Provided material –

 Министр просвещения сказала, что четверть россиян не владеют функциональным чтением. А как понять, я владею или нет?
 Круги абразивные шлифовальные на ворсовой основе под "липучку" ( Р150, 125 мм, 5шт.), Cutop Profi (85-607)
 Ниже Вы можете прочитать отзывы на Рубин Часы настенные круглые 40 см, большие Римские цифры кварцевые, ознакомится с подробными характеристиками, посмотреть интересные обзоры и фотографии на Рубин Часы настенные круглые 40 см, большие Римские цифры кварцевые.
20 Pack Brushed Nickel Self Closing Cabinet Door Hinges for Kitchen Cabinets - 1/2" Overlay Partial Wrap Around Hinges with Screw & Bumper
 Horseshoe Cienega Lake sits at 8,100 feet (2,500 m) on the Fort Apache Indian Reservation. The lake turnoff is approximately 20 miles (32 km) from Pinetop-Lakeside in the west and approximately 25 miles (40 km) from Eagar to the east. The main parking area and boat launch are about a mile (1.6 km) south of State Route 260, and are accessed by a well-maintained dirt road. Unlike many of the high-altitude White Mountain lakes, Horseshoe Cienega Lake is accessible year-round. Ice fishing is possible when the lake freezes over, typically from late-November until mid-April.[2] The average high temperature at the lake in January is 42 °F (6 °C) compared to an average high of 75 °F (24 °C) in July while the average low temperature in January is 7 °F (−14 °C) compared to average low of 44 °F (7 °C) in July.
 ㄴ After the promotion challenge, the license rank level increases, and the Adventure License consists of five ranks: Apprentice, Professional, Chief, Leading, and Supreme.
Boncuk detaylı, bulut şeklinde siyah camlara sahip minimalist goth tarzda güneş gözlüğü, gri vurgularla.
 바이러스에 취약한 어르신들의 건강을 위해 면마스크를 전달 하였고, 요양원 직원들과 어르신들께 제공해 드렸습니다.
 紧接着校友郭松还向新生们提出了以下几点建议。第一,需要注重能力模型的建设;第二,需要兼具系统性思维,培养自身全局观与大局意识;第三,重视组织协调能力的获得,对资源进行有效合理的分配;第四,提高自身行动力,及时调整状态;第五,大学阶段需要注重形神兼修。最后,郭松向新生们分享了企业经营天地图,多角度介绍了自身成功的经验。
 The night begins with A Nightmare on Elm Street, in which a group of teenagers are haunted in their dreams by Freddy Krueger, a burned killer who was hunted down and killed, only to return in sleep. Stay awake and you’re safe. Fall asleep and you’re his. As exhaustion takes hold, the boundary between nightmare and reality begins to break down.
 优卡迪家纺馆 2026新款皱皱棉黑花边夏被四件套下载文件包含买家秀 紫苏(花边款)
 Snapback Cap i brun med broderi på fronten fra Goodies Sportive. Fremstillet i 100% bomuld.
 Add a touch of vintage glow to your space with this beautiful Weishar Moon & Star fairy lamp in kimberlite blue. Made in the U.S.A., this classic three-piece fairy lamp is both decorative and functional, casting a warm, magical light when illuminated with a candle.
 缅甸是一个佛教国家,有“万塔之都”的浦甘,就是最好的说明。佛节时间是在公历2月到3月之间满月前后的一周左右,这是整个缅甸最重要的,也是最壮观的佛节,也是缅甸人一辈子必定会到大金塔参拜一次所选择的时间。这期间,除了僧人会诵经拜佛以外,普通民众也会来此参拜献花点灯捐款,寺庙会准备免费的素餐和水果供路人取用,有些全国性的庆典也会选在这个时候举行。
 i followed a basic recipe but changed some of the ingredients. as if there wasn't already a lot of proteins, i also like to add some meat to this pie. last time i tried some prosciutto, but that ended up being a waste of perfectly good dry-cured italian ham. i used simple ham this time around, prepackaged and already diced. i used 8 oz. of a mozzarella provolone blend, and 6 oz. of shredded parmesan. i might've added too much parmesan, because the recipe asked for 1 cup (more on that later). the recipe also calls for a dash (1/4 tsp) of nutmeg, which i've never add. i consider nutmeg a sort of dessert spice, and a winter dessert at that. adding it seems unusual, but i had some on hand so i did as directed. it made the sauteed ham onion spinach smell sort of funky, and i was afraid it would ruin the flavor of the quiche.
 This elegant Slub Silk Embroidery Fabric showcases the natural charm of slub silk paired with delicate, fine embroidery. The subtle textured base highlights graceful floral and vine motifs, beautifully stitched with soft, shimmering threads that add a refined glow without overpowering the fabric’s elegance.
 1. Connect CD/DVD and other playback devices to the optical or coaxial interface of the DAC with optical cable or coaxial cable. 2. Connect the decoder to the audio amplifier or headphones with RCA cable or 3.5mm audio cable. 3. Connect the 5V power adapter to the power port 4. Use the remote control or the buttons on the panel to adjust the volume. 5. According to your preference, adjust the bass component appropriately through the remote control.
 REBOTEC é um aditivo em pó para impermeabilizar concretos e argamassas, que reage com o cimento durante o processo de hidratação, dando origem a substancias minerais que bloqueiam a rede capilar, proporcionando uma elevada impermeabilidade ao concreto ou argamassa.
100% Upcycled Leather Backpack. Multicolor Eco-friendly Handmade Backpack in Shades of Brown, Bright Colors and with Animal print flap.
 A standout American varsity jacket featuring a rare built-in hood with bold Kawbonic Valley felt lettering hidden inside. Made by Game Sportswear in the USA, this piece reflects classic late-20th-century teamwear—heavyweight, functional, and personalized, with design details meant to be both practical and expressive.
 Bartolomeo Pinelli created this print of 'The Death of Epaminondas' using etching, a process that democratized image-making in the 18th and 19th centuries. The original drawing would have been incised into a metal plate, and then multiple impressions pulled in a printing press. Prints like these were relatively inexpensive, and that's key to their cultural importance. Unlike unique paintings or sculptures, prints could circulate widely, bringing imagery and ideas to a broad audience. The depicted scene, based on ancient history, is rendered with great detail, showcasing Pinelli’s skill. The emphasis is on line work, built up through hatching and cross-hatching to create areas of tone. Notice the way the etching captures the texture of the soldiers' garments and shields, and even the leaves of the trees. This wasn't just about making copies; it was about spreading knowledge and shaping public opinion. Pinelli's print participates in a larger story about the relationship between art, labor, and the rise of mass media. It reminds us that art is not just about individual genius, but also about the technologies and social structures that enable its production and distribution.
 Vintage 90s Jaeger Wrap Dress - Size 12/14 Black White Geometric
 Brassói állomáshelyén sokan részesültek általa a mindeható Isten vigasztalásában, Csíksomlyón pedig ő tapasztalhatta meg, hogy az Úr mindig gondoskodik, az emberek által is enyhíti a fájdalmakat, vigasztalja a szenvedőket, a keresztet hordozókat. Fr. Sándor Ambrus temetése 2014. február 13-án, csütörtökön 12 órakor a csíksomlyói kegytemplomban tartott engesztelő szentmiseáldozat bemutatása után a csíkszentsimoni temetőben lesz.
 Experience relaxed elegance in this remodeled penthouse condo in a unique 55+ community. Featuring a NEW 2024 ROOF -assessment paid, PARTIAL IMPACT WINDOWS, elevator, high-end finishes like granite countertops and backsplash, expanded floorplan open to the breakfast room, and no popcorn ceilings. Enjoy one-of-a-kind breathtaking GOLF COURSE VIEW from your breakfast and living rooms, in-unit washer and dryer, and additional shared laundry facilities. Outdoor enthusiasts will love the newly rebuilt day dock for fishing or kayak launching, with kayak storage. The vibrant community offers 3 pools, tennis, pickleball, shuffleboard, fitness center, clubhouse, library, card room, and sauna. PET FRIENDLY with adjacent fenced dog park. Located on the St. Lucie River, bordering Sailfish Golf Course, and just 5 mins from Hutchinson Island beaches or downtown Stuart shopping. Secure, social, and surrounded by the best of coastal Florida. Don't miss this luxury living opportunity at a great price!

Your task – Using the entries above, output exactly the lines between the line holding "Ниже Вы можете" and the line holding "20 Pack Brushed", end lines included, and nothing more.

Solution to this task –
 Ниже Вы можете прочитать отзывы на Рубин Часы настенные круглые 40 см, большие Римские цифры кварцевые, ознакомится с подробными характеристиками, посмотреть интересные обзоры и фотографии на Рубин Часы настенные круглые 40 см, большие Римские цифры кварцевые.
20 Pack Brushed Nickel Self Closing Cabinet Door Hinges for Kitchen Cabinets - 1/2" Overlay Partial Wrap Around Hinges with Screw & Bumper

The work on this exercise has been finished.